Fig. 20: Deploying the model generates a Docker in the cloud
The model is now live. It’s time to interact with it in the next step – the dashboard.
Step 6 – Dashboard
A real-time utility dashboard is automatically generated for every deployed model. Opening the ‘Dashboard’ module will show a utility dashboard for all deployed models. I had deployed the ‘well_tar_pe’ ML model (fig 21) and hence clicking on the ‘well_tar_pe” icon will take me to well_tar_pe dashboard (fig 22).
Fig. 21 Dashboard window from where the user can interact with the deployed model
Fig 22: Automatically generated dashboard of the deployed model ‘well_tar_pe’
The main menu of the live dashboard allows the following:
- Realtime Prediction: Check the predictions from the deployed model
- Data Scoring: Import external files and the model will predict the target feature
- Data Analysis: The scored data can be graphically visualized
- Variable Importance: Lists input variables and their relative importance to the target
- About Model: Summary of the deployed model
Fig. 23: Uploading new data for scoring using the deployed model
Fig 24: External data is ready for scoring after the headers are validated by the system
Fig. 25: Validated data produced by the deployed model
Fig. 26: Data is scored. The original PE and the predicted PE can be seen here.
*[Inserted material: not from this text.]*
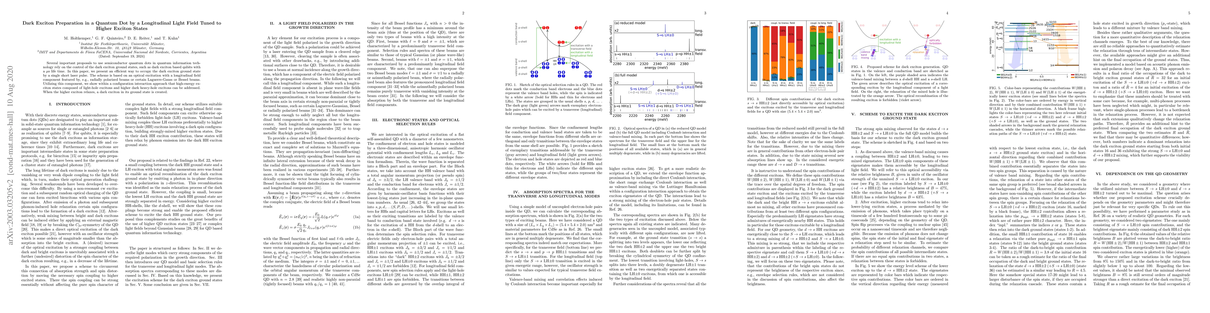 This paper proposes a method to prepare dark exciton ground states in quantum dots using a longitudinal light field, specifically radially polarized beams, to efficiently transition from higher exciton states to the dark ground state via a single short laser pulse. The technique leverages a configuration interaction approach to demonstrate the creation of dark excitons.
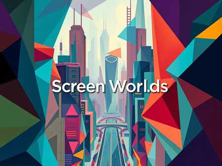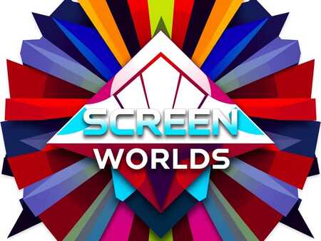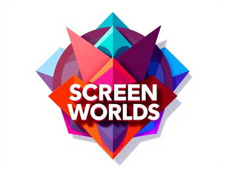 Create a minimalistic logo for a game exhibition showing unconventional controllers and player interaction called «Screen Worlds». Avoid retro hacker aesthetics or images of game controllers. The logo should use a bright and contrasting color palette, sharp and sharp geometric patterns consisting of sharp angles and color-filled planes. The logo should scale easily without losing its visual appeal and readability. It should retain its elegance and simplicity when reduced in size for web use or enlarged for print publications. The logo should be centered on a pure white background. The resulting image should be a vector image for optimal scaling and adaptation to different sizes and formats. The logo should convey in its design a creative energy, a desire to experiment. Avoid overly decorative elements.

Fig. 27: The scored data is graphically presented.
The purple log is the original data. This was purposely hidden. After getting the predictions, the comparison shows a good fit. This proves the validity of my deployed model.
I successfully made a model that can reliably generate synthetic data for the PE log by using the historical well log data. My frustrations as a geologist did not have a solution back in the day when machine learning was not as popular. But now I found a solution.
I hope that this also helps your work, as it helped mine.
Dr. Subrata Biswas is a data scientist and a geologist skilled in sedimentation and tectonics, mapping, scientific computing, quantitative modelling, and database and software engineering. With a Ph.D. from the University of Vienna and 20 years’ experience, he is well versed in ML/AI, software engineering, GIS technologies, remote sensing, image processing, and high-performance computing.